Der Imbiss ist sozialer Treffpunkt, ein Ort für Plauderei, das Feierabendbier, die Mittagspause, eine Stelle, wo das Essen auf uns wartet und wir nicht auf das Essen. Ihn gibt es in den unterschiedlichsten Formen und Farben. Jeder sieht anders aus, jeder ist ein Unikat, jeder ist ein Zeugnis unserer Alltagskultur. Sie stehen an Straßenecken, auf Plätzen, eingeklemmt zwischen Häusern, am Waldrand, im Zentrum. Und doch verschwinden diese Orte immer mehr. Es war an der Zeit, die Imbisse der Hauptstadt zu dokumentieren, denn Berlin ist die einzige Weltstadt Deutschlands und die Imbissbude eine wichtige kulturelle Errungenschaft.
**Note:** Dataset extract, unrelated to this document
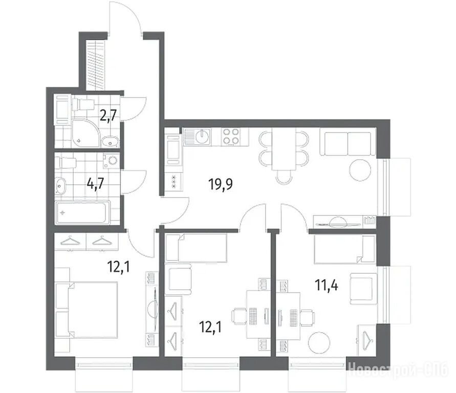 Продается трехкомнатная квартира в новостройке ЖК «Парусная 1» по адресу Санкт-Петербург, Василеостровский, ул. Шкиперский проток, 19А, корп.1.2. Общая площадь квартиры - 71.4 кв. м. Тип проекта, по которому построен дом — Монолитно-каркасный, компания-застройщик — АО «СЗ «Строительный трест», ГК «ТРЕСТ». Стоимость квартиры — 27 506 000 руб. Способы оплаты можно уточнить у продавца. Срок сдачи — 4 квартал 2026. Более подробная информация по телефону.

Björn Kuhligk hat über den Zeitraum eines Jahres von den Rändern der Stadt bis ins Zentrum die schönsten freistehenden Imbisse, die einen festen Standort haben, fotografiert. Und somit ein eigensinniges Gesamtbild des gegenwärtigen Berlins geschaffen. »Imbiss Berlin« ist eine Reise durch die Stadt.
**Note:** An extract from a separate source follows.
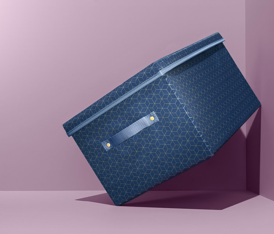 La boîte de rangement comporte deux poignées fixées avec des rivets dorés. Les parois latérales et le fond sont renforcés. Celui-ci peut aussi être retiré et la boîte est repliable pour gagner d ela place lorsqu’elle n’est pas utilisée.

Björn Kuhligk – Berlin in 80 Imbissen
Infos
Von Björn Kuhligk
17 x 12 cm, 120 Seiten, ca. 81 Fotos, Klappenbroschur
Fotograf
Björn Kuhligk, geboren 1975 in Berlin-West, ist Fotograf und Schriftsteller. Zuletzt erschienen seine Bücher »Berlin-Beschimpfung«, illustriert von Jakob Hinrichs, sowie der Fotobildband »Schönefeld« in der Favoritenpresse.
Presse
»Kuhligk ist ein Mensch, der gern genau hinsieht. In seiner Fotoserie „Schöne Orte“ hat er Minigolfanlagen, traurige Raucherräume und Hinterhöfe verewigt – als Durchgangs- und Aufenthaltsstationen, die unser Leben prägen, ohne dass wir ihnen viel Beachtung schenken. Sein neues Buch würdigt mit den Imbissen mehr als ein Alltagsphänomen. Der Imbiss sei „sozialer Treffpunkt, ein Ort für Plauderei, das Feierabendbier, die Mittagspause“, heißt es in dem Buch. „Er steht an Straßenecken, auf Plätzen, eingeklemmt zwischen Häusern, am Waldrand, im Zentrum. Jeder sieht anders aus, jeder ist ein Unikat“.« (Felix Müller, Berliner Morgenpost)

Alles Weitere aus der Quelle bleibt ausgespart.